Monthly Archives: May 2014

Drug shortages: “We are talking about people’s lives; this is not a cell phone contract”

iv-fluidThe shortage of pharmaceutical drugs is a serious problem in the US. The number of drugs in short supply has tripled since 2007. In an article in The New York Times, Sabrina Tavernise reports that the number of drugs in short supply in 2012 was 456.

The types of drugs affected cover a very wide range and include such things as cancer drugs and nitroglycerine used in heart surgeries.
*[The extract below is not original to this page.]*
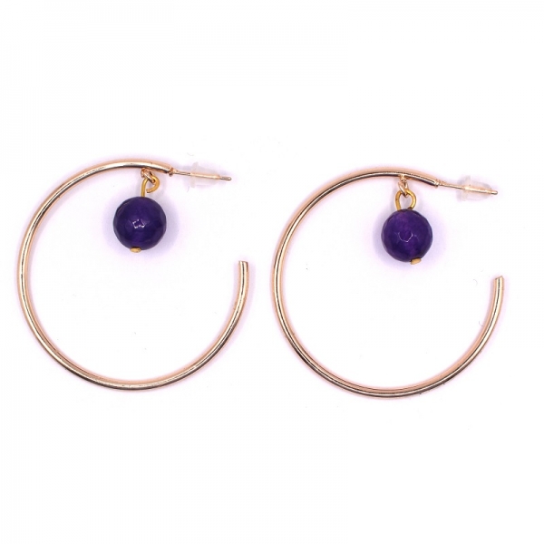Hoops studded in gold color, hanging an amethyst stone. Beautiful gift for you and your friends.
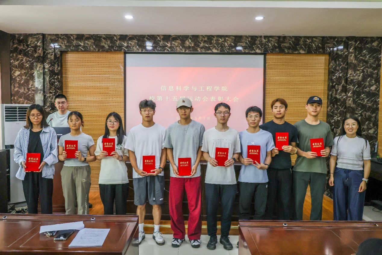 关于校第十五届田径运动会的表彰决定》。随后,在热烈的掌声中,与会领导及老师为获奖学生代表依次颁发了荣誉证书,并与他们亲切合影留念。功勋运动员魏石磊上台发言,他以自身经历激励同学们不畏挑战、突破极限,将体育精神融入学习和生活中。优秀组织者代表张子坤在发言中分享了幕后统筹工作的经验,强调团队协作的重要性,并表达了对学院和老师的感激之情,鼓励同学们积极参与体育锻炼,为学院争光。

The situation is quite disruptive for hospitals, doctors (especially oncologists), and patients.

IV fluid shortage threatens patient care

This year, in addition to drug shortages, there is a nationwide shortage of IV fluid. Intravenous therapy is essential for treating dehydration and electrolyte imbalances, for blood transfusions, and for delivering medications such as those used in chemotherapy. IV fluid is a hospital staple.

A recent JAMA article quotes Erin R. Fox, director of the Drug Information Service at the University of Utah in Salt Lake City: (emphasis added in the following quotations)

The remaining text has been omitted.